The cooking element of the Young Marketeers project is crucially important too, and it is where my involvement has been. We started out with chef demonstrations at the summer and harvest sales, inspiring kids with simple, seasonal recipes using their produce. Last year we added a winter sale (now an annual event) when older students share the Market’s Cookhouse with chef Nicole Pisani, learning to make wonderfully tasty soup from food waste, and knocking up some ciabatta at Borough’s own Bread Ahead Bakery to sell in aid of FareShare. That’s more meals for vulnerable families (over 3,000 so far from the soup and bread sales) and more culinary confidence for the kids; it’s a perfect win-win situation.

Diving in
So, with much to celebrate, we set forth in the sunshine to take a little bit of Borough Market to the big party at Westminster. Armed with a few graters, pestles, mortars, half a dozen spiralisers (don’t knock ’em until you’ve tried one), spices, seasonings, a fabulous olive oil and a mountain of fresh summer produce, the mission was to get those kids making and eating salad. It’s always amazing how a child can approach an unfamiliar ingredient such as a courgette or a bulb of fennel with suspicion or even revulsion, then after just 10 minutes of preparation, some peer pressure and a bit of excitement, will be diving in like there’s no tomorrow. “I didn’t think I’d like this, too many weirdy vegetables, but I’d eat this for every lunch,” said Fred (who of course became my hero of the day).

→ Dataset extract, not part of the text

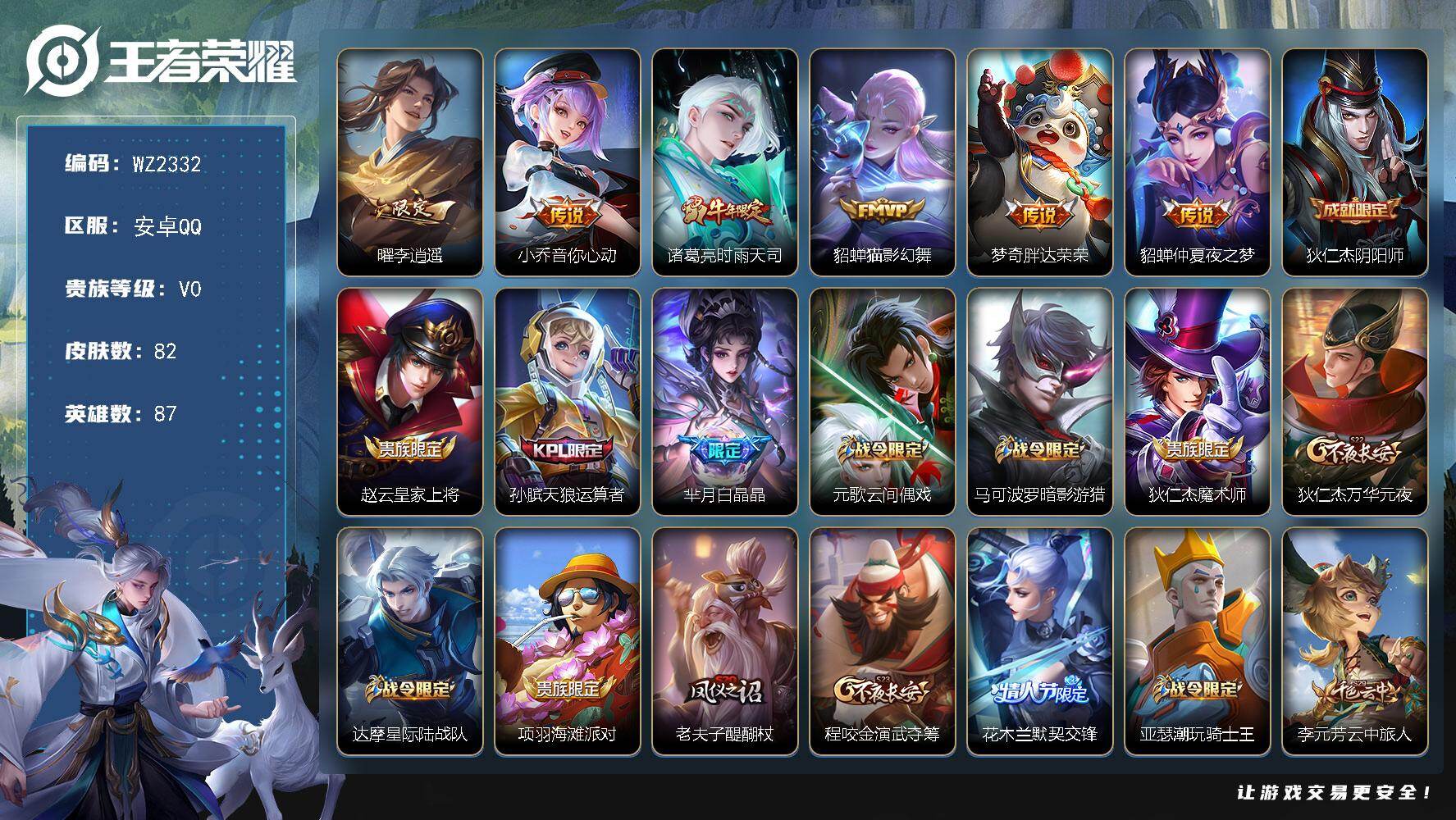 - [16649312]安卓Q-V8-荣耀黄金IV段位-104英雄-131皮肤-1典藏英雄-9传说-23史诗 【荣耀典藏】:武则天英雄 【传说皮肤】:虞姬启明星使,干将莫邪久胜战神,虞姬云霓雀翎,达摩黄金狮子座,貂蝉仲夏夜之梦,孙尚香末日机甲,宫本武藏地狱之眼,孙悟空地狱火,武则天海洋之心 【限定皮肤】:狄仁杰阴阳师,赵云皇家上将,嬴政白昼王子,鲁班七号狮舞东方,吕布猎兽之王,夏侯惇朔风刀,典韦穷奇,典韦蓝屏警告,狄仁杰魔术师,项羽海滩派对,老夫子醍醐杖,程咬金演武夺筹,露娜一生所爱,孙悟空大圣娶亲,牛魔御旌,虞姬启明星使,钟馗神迹守卫,钟馗驱傩正仪,女娲朔望之晖,太乙真人华丽摇滚,弈星混沌棋,明世隐疑决卦,裴擒虎天狼狩猎者,狂铁御狮,米莱狄御霄,盾山御銮 【赛季限定】:典韦穷奇,狂铁御狮,米莱狄御霄,牛魔御旌,盾山御銮,夏侯惇朔风刀,弈星混沌棋,明世隐疑决卦,老夫子醍醐杖,程咬金演武夺筹,钟馗驱傩正仪 【战令限定】:嬴政白昼王子,吕布猎兽之王,典韦蓝屏警告,女娲朔望之晖,鲁班七号狮舞东方,钟馗神迹守卫 【史诗皮肤】:露娜紫霞仙子,阿轲暗夜猫娘,赵云皇家上将,貂蝉圣诞恋歌,狄仁杰魔术师,嬴政暗夜贵公子,妲己魅力维加斯,吕布圣诞狂欢,曹操幽灵船长,李白千年之狐,韩信白龙吟,花木兰水晶猎龙者,刘邦德古拉伯爵,诸葛亮黄金分割率,百里守约特工魅影,铠曙光守护者,嬴政白昼王子,露娜一生所爱,孙悟空大圣娶亲,典韦蓝屏警告,裴擒虎天狼狩猎者,鲁班七号狮舞东方,狄仁杰鹰眼统帅 【其他皮肤】:项羽海滩派对,韩信教廷特使,韩信街头霸王,阿轲爱心护理,达摩大发明家,赵云忍炎影,芈月红桃皇后,扁鹊化身博士,姜子牙时尚教父,妲己少女阿狸,亚瑟死亡骑士,花木兰兔女郎,张飞五福同心,甄姬花好人间,刘备万事如意,宫本武藏万象初新,后羿阿尔法小队,狄仁杰阴阳师,刘备汉昭烈帝,关羽龙腾万里,宫本武藏霸王丸,孙尚香沉稳之力,典韦穷奇,李白敏锐之力,鬼谷子幻乐之宴,狂铁御狮,太乙真人华丽摇滚,大乔守护之力,项羽科学大爆炸,米莱狄御霄,吕布猎兽之王,张良幽兰居士,庄周奇妙博物学,牛魔御旌,女娲朔望之晖,小乔丁香结,吕布野性能量,钟馗神迹守卫,盾山御銮,孙膑归虚梦演,沈梦溪鲨炮海盗猫,夏侯惇朔风刀,弈星混沌棋,明世隐疑决卦,盾山圆桌骑士,老夫子醍醐杖,程咬金演武夺筹,张良缤纷绘卷,钟馗驱傩正仪,鲁班大师乓乓大师,雅典娜神奇女侠,鲁

The picnic highlighted the vital connection between kids and real, nutritious food that School Food Matters is all about. There were seed planting sessions, edible hanging basket workshops, guided tours of the ancient herb garden, bicycle-powered smoothie blenders, a cooking competition and a record-breaking simultaneous carrot crunch. It was an extraordinarily joyous and engaging day for all the kids (and adults) involved and a perfect way to mark a milestone birthday.